### Action item
Please transcribe the data that follows exactly as given, leaving out every picture.

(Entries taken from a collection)
────────
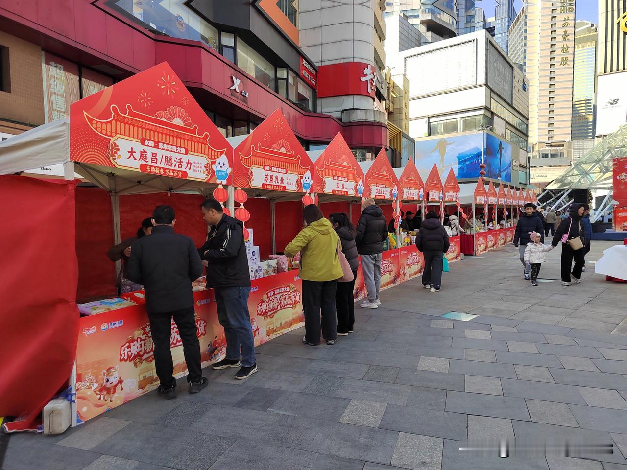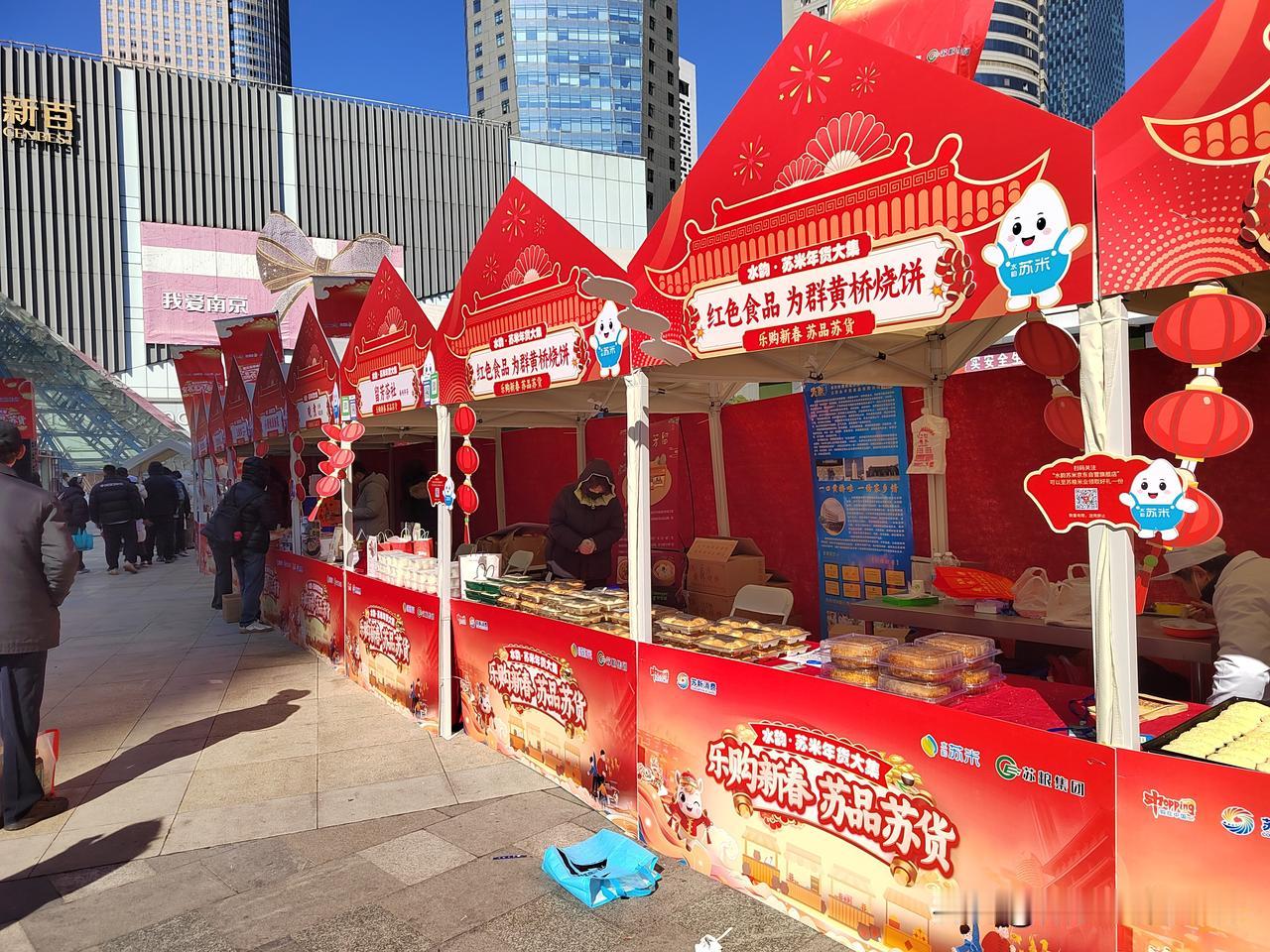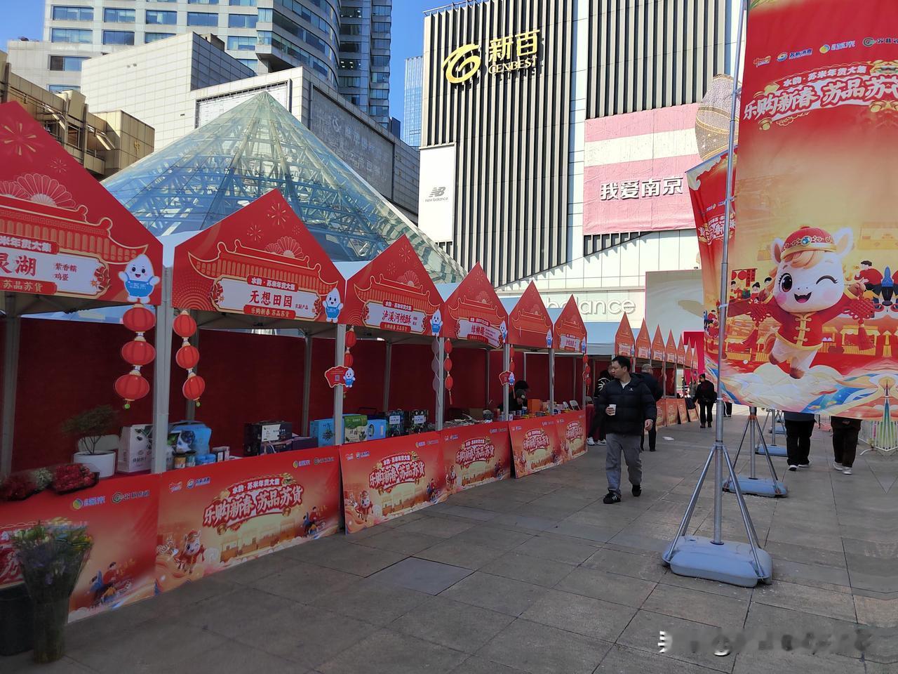 今天南京市晴朗相伴,气温低迷,寒冷刺骨。上午按约定时间去牙博士口腔进行种植牙定期检查,并修补了两个楔缺的牙齿。 顺便来到新街口逛一逛,莱迪广场正办举办水韵.苏米年货大集,现场供应的年货以苏粮集团粮油产品为主,现场购物还可以参加抽奖活动。 新街口莱迪广场周边还布置了不少彩灯和马年饰物,烘托出浓浓的节日氛围。
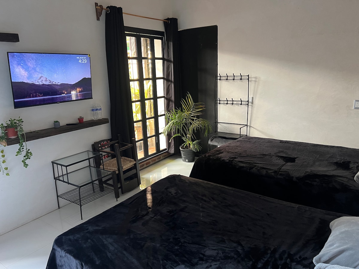 Espacio de dos habitaciones con aire acondicionado cada una, que comparten una cocineta y un baño grande. CUANDO RENTAS PARA 1 o 2 PERSONAS EL COSTO ES MUY BAJO Y SÓLO SE RENTA 1 HABITACIÓN, LA OTRA PERMANECE CERRADA. Mínimo 3 personas para hacer uso de ambas habitaciones. Contacta al anfitrión para más información. LAS ÁREAS COMUNES SE COMPARTEN CON OTRAS 3 CASAS dentro del mismo terreno. Playa a 1 minuto caminando. LA TARIFA CAMBIA CON LA CANTIDAD DE HUÉSPEDES.
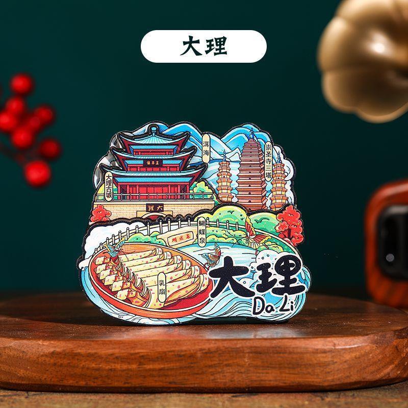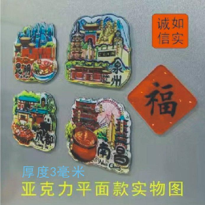 冰箱贴国潮有机玻璃几何图案亚克力城市中国大陆早教留言装饰磁贴
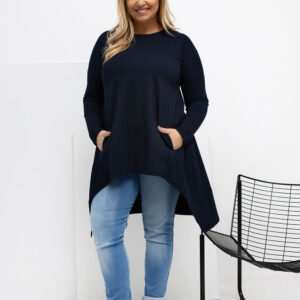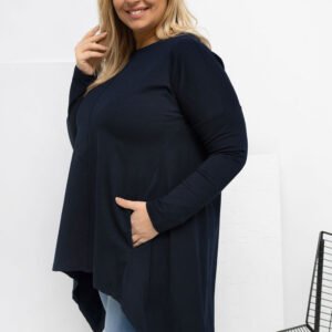 Asymetryczna bluzka plus size w stylu casual to idealna propozycja na co dzień, łącząca wygodę z modnym wyglądem. Model z krótszym przodem i dłuższym tyłem subtelnie wysmukla sylwetkę oraz zapewnia swobodę ruchów. Gładki fason sprawia, że bluzka jest uniwersalna i łatwa do stylizacji, świetnie sprawdzi się zarówno z jeansami, jak i legginsami. Wykonana z wysokiej jakości bawełny z dodatkiem elastanu, jest miękka, oddychająca i elastyczna, dzięki czemu doskonale dopasowuje się do figury. Długi rękaw i klasyczny, okrągły dekolt podkreślają jej codzienny charakter. Praktycznym atutem są kieszenie ukryte w szwach bocznych, które dodają funkcjonalności i nowoczesnego akcentu. Bluzka nie posiada zapięcia, co zwiększa komfort noszenia i podkreśla jej luźny, swobodny styl.
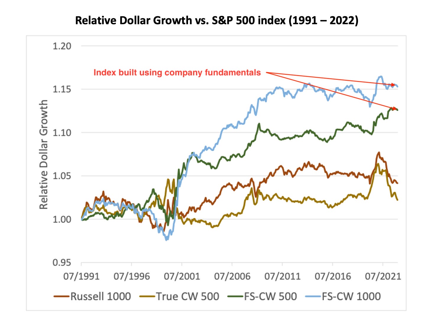 Over 30 years from 1991 to 2022, the indices built using fundamental measures outperformed traditional market-cap weighted indices. The higher returns were generated with a lower turnover in the portfolio (leading to lower transaction costs) and at a lower risk.
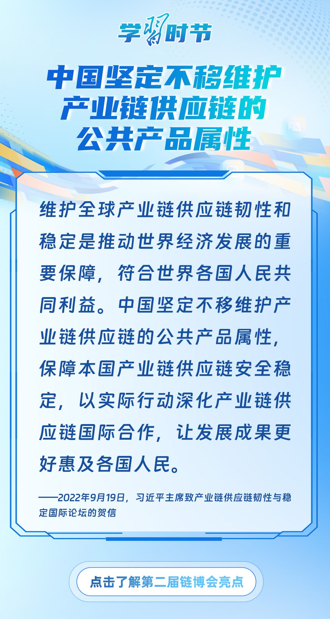 習(xí)近平主席心系產(chǎn)業(yè)鏈供應(yīng)鏈安全穩(wěn)定,多次強(qiáng)調(diào)中國將以實(shí)際行動(dòng)維護(hù)全球產(chǎn)業(yè)鏈供應(yīng)鏈安全穩(wěn)定,為世界各國共同構(gòu)筑安全穩(wěn)定、暢通高效、開放包容、互利共贏的全球產(chǎn)業(yè)鏈供應(yīng)鏈體系提供中國方案。習(xí)近平主席曾在多個(gè)重要場(chǎng)合對(duì)此作出一系列深刻闡述,讓我們一起學(xué)習(xí)。
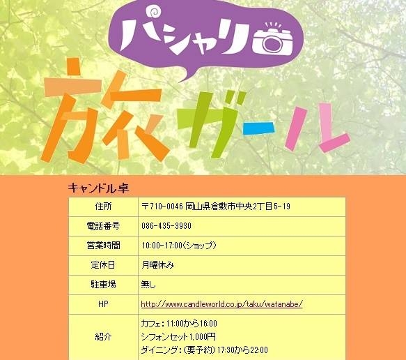TOP お知らせ一覧 2月6日(金) テレビ新広島「ひろしま満点ママ」にて「キャンドル卓 渡邉邸」が紹介されました INFORMATION お知らせ 2月6日(金) テレビ新広島「ひろしま満点ママ」にて「キャンドル卓 渡邉邸」が紹介されました 2015.02.12 テレビ テレビ新広島「ひろしま満点ママ」 2月6日放送の 素敵くらしきパシャリ旅のコーナーで 「キャンドル卓 渡邉邸」が紹介されました。 お知らせ一覧に戻る
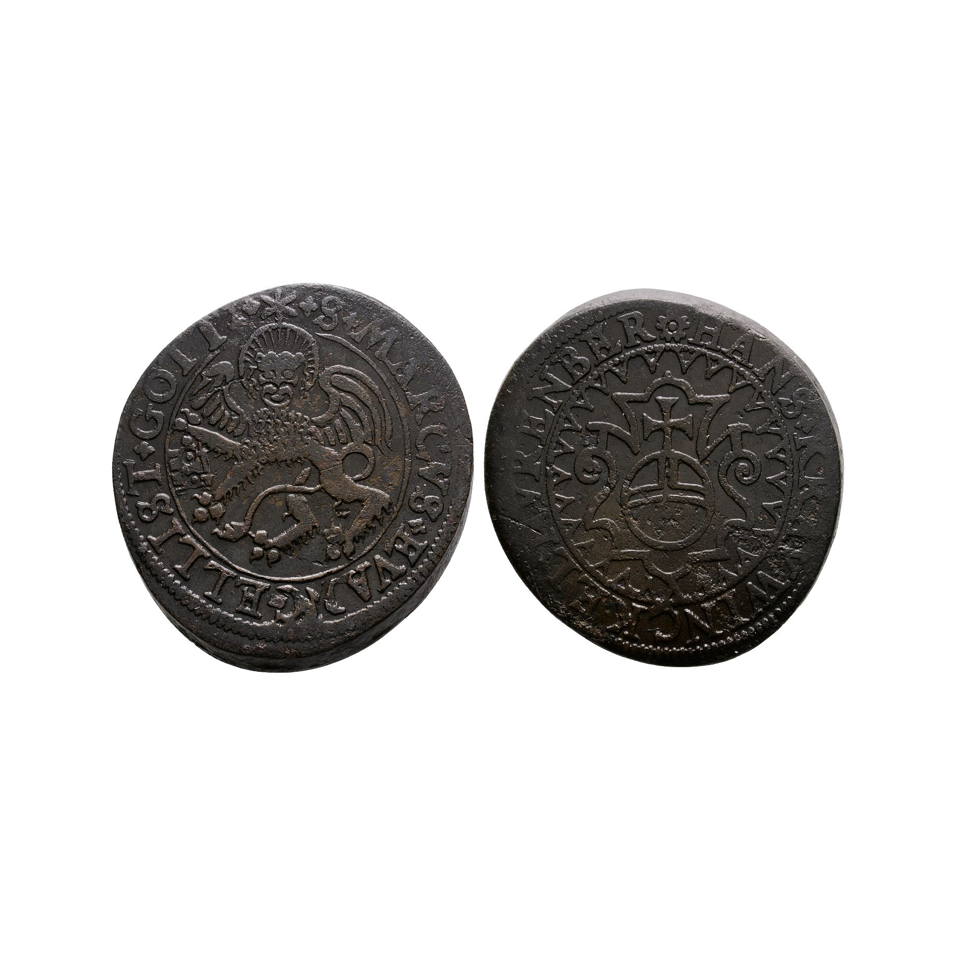Obv:nimbate lion of St Mark with S MARCVS EVANGELLIST GOTT legend. Rev: globus cruciger within ornate surround with HANS KRAVWINCKEL NVRENBER legend. 18.67 grams.
────────
### Your response
 今天南京市晴朗相伴,气温低迷,寒冷刺骨。上午按约定时间去牙博士口腔进行种植牙定期检查,并修补了两个楔缺的牙齿。 顺便来到新街口逛一逛,莱迪广场正办举办水韵.苏米年货大集,现场供应的年货以苏粮集团粮油产品为主,现场购物还可以参加抽奖活动。 新街口莱迪广场周边还布置了不少彩灯和马年饰物,烘托出浓浓的节日氛围。
 Espacio de dos habitaciones con aire acondicionado cada una, que comparten una cocineta y un baño grande. CUANDO RENTAS PARA 1 o 2 PERSONAS EL COSTO ES MUY BAJO Y SÓLO SE RENTA 1 HABITACIÓN, LA OTRA PERMANECE CERRADA. Mínimo 3 personas para hacer uso de ambas habitaciones. Contacta al anfitrión para más información. LAS ÁREAS COMUNES SE COMPARTEN CON OTRAS 3 CASAS dentro del mismo terreno. Playa a 1 minuto caminando. LA TARIFA CAMBIA CON LA CANTIDAD DE HUÉSPEDES.
 冰箱贴国潮有机玻璃几何图案亚克力城市中国大陆早教留言装饰磁贴
 Asymetryczna bluzka plus size w stylu casual to idealna propozycja na co dzień, łącząca wygodę z modnym wyglądem. Model z krótszym przodem i dłuższym tyłem subtelnie wysmukla sylwetkę oraz zapewnia swobodę ruchów. Gładki fason sprawia, że bluzka jest uniwersalna i łatwa do stylizacji, świetnie sprawdzi się zarówno z jeansami, jak i legginsami. Wykonana z wysokiej jakości bawełny z dodatkiem elastanu, jest miękka, oddychająca i elastyczna, dzięki czemu doskonale dopasowuje się do figury. Długi rękaw i klasyczny, okrągły dekolt podkreślają jej codzienny charakter. Praktycznym atutem są kieszenie ukryte w szwach bocznych, które dodają funkcjonalności i nowoczesnego akcentu. Bluzka nie posiada zapięcia, co zwiększa komfort noszenia i podkreśla jej luźny, swobodny styl.
 Over 30 years from 1991 to 2022, the indices built using fundamental measures outperformed traditional market-cap weighted indices. The higher returns were generated with a lower turnover in the portfolio (leading to lower transaction costs) and at a lower risk.
 習(xí)近平主席心系產(chǎn)業(yè)鏈供應(yīng)鏈安全穩(wěn)定,多次強(qiáng)調(diào)中國將以實(shí)際行動(dòng)維護(hù)全球產(chǎn)業(yè)鏈供應(yīng)鏈安全穩(wěn)定,為世界各國共同構(gòu)筑安全穩(wěn)定、暢通高效、開放包容、互利共贏的全球產(chǎn)業(yè)鏈供應(yīng)鏈體系提供中國方案。習(xí)近平主席曾在多個(gè)重要場(chǎng)合對(duì)此作出一系列深刻闡述,讓我們一起學(xué)習(xí)。
TOP お知らせ一覧 2月6日(金) テレビ新広島「ひろしま満点ママ」にて「キャンドル卓 渡邉邸」が紹介されました INFORMATION お知らせ 2月6日(金) テレビ新広島「ひろしま満点ママ」にて「キャンドル卓 渡邉邸」が紹介されました 2015.02.12 テレビ テレビ新広島「ひろしま満点ママ」 2月6日放送の 素敵くらしきパシャリ旅のコーナーで 「キャンドル卓 渡邉邸」が紹介されました。 お知らせ一覧に戻る
Obv:nimbate lion of St Mark with S MARCVS EVANGELLIST GOTT legend. Rev: globus cruciger within ornate surround with HANS KRAVWINCKEL NVRENBER legend. 18.67 grams.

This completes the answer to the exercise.